Wildelife. As well as one of the world’s most volcanically-active islands, Fernandina is also considered one of the most pristine for lack of non-native plants and animals. There are no feral dogs or donkeys on Fernandina, nor goats, rats, pigs and cats. With such an environment to protect it is easy to understand why the
National Park Service insists on precautions to avoid transportation of seeds or any animal forms to the island — visitors are required to wash their shoes before landing. Because of these measures, neither
marine iguanas nor
flightless cormorants have predators on the island and are left to multiply in safety. In this sense Fernandina is the only place in the Galapagos where you can travel back in time and see the island before arrival of humanity.

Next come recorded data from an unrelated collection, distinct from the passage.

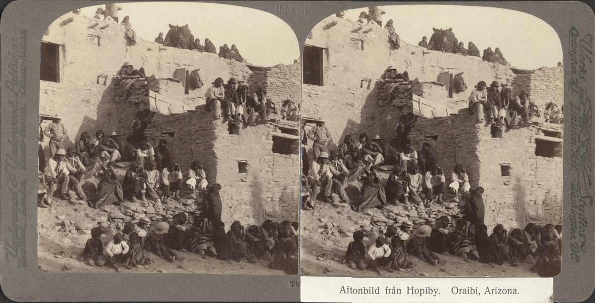 Stereobild, aftonblid från Hopiindianernas by, Oraibi, Arizona.
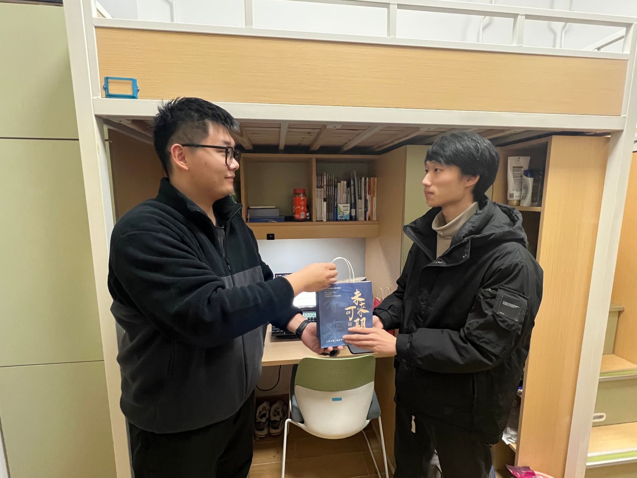 党委副书记吕一雷,副院长陆明洲,学生工作办公室副主任魏宇宁,辅导员封筱等老师们与志愿者们一同,为前来领取礼品的考研学子们送上亲切的问候与暖心的物资。与此同时,党员代表们也深入学生宿舍,亲手将这份温暖与关怀传递到每一位考研学子手中。这份冬日里的关怀,让独自奋战的研途不再孤单,生动诠释了学院师生之间、高低年级同学之间的深厚情谊与团结互助的精神。活动尾声,志愿者们认真整理场地,并合影留念,定格下这个充满友爱与温情的瞬间。
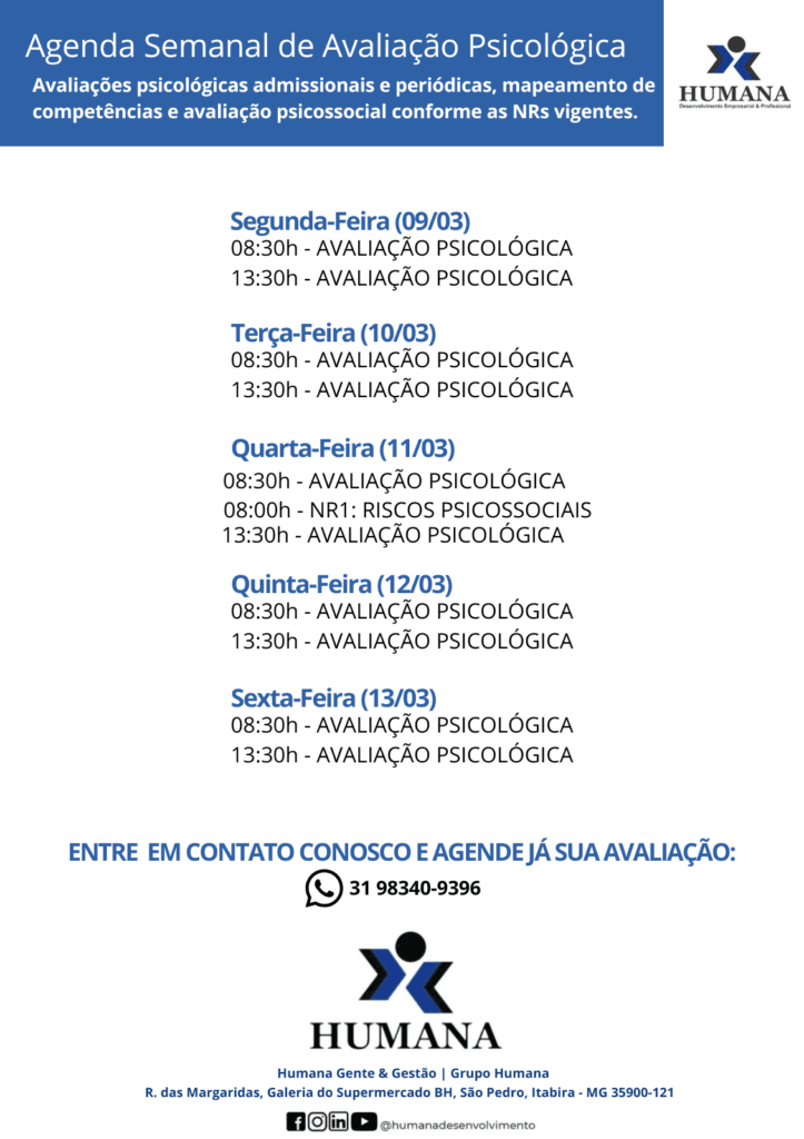 📅 Os dias e horários de atendimento estão na imagem acima. Confira a agenda disponível e programe sua consultoria ou treinamento com antecedência.
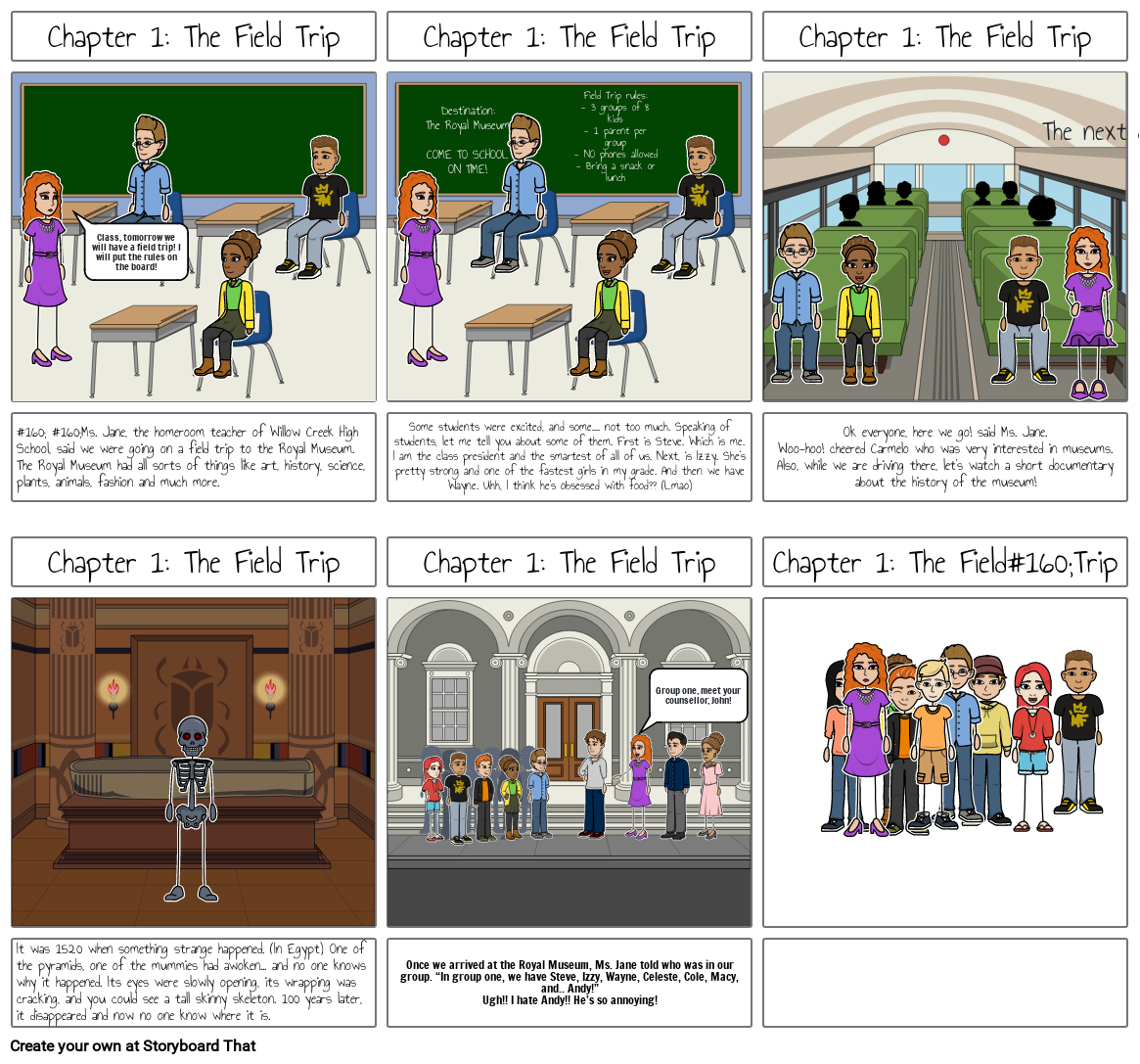 #160; #160;Ms. Jane, the homeroom teacher of Willow Creek High School, said we were going on a field trip to the Royal Museum. The Royal Museum had all sorts of things like art, history, science, plants, animals, fashion and much more.
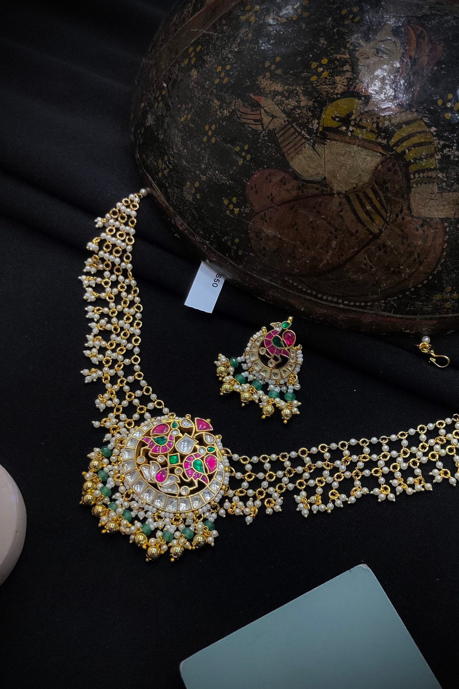 Make a statement of timeless elegance with our Pachi Kundan Choker & Necklace Set, a luxurious blend of traditional craftsmanship and regal charm. This set features a beautifully handcrafted choker for a bold, elegant neckline and a matching long necklace for layered grandeur – both adorned with authentic Pachi Kundan stones and detailed meenakari/enamel work.
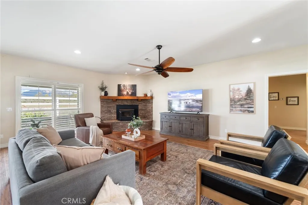 Gorgeous custom ranch home in beautiful Lake Riverside Estates on 2.61 Acres of usable land. This large upgraded home has 2607 square feet of spacious living space encompassed by 3 bedrooms and 2 bathrooms, large bonus room with built in cabinetry that could easily make a 4th bedroom, office or gym. The main living area is a great room with living room, gourmet kitchen and dining area. There is also a formal dining room with built in buffet. There are many upgrades including stainless steel appliances, hickory cabinets and large center island in kitchen. Granite countertops in kitchen and bathrooms, plantation shutters, wood burning stove in living room. For your vehicles you will enjoy the 3 car garage plus separate detached garage building. There is front and backyard fencing around the home, covered front porch, rear cement covered patios, fruit tree orchard and many mature native redshank for privacy and low maintenance native landscaping. This property has so much potential while still having room to add your own character and touches to make it yours! Sold separately is an additional adjacent lot with 2.55 acres of land for anyone wishing to have an above average lot size and still live in Lake Riverside. Asking price on additional lot is $45,000. Lake Riverside is conveniently located 30 minutes from Temecula, one hour from Palm Desert close nearby towns of Idyllwild and Julian. You will enjoy the mild 4 season climate at 3500 ft elevation. Lake Riverside Estates amenities include: gated community, stocked lake with picnic areas and playground, community equestrian c
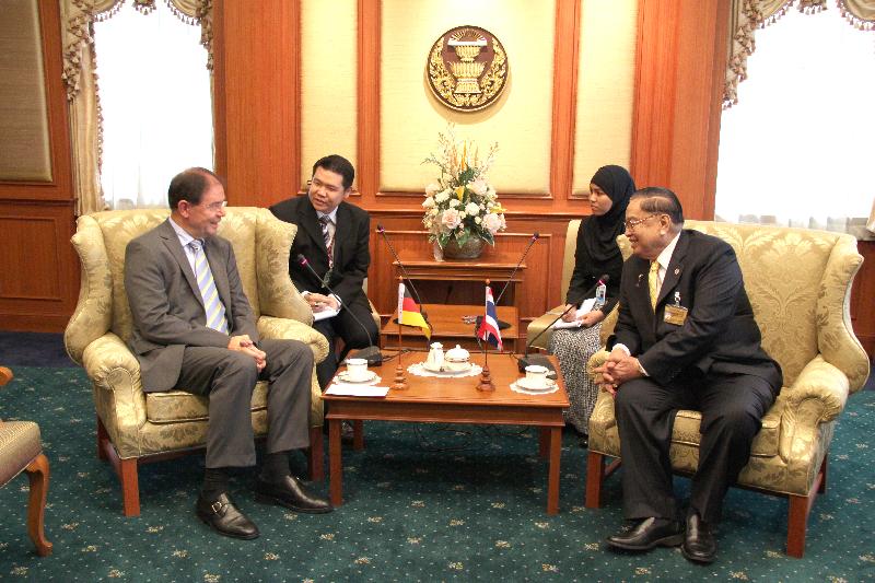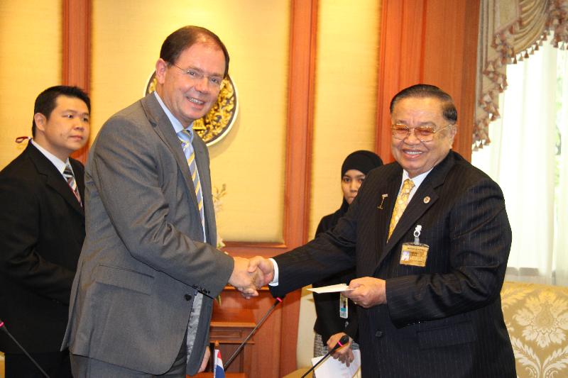 | วันจันทร์ที่ ๒๕ มกราคม ๒๕๕๓ เวลา ๑๑.๐๐ นาฬิกา ณ ห้องรับรอง ๒ ชั้น ๒ อาคารรัฐสภา ๑ นายชัย ชิดชอบ ประธานรัฐสภา และประธานสภาผู้แทนราษฎร ให้การรับรองนายฮันส์ ไฮน์ริช ชูมาเคอร์ เอกอัครราชทูตสหพันธ์สาธารณรัฐเยอรมนี เพื่อรับมอบหนังสือจากนายนอร์เบิร์ท แลมเมิร์ท ประธานสภาผู้แทนราษฎรแห่งสหพันธ์สาธารณรัฐเยอรมนีในโอกาสเข้ารับตำแหน่งอย่างเป็นทางการ |
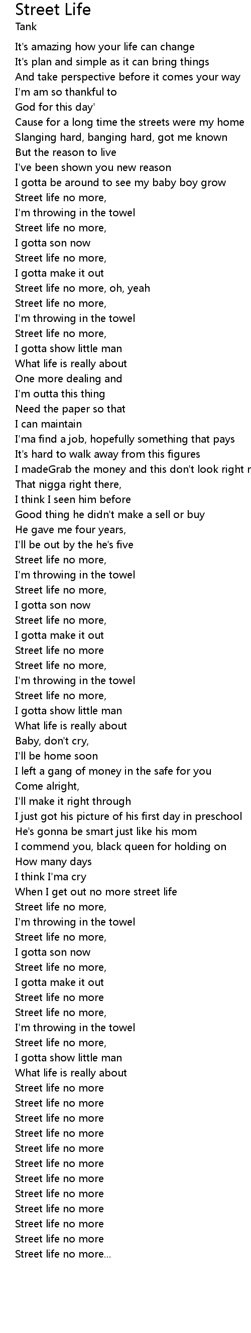 Street life no more, |

Fernandina has been associated with illegal harvesting and smuggling of protected
sea cucumbers. Encouraged by Japanese fishermen, Ecuadorians have harvested huge quantities of these creatures off the coast of Fernandina for shipment to Asia.
Places to visit.
Punta Espinosa
Fernandina has only one visitors’ site, at Punta Espinosa on the northwest coast, opposite
Isabela. Here thousands of
marine iguanas lie about in the sun, digesting their dinners and shooting sprays of salt water into the air in fits of iguanic sneezing. There are also
sea lions,
flightless cormorants and a few
Galapagos penguins.
Things to do.
Snorkelers swimming in the clear waters of the lagoon will see
rays,
white-tip sharks,
turtles and plenty of brilliantly colored tropical fish.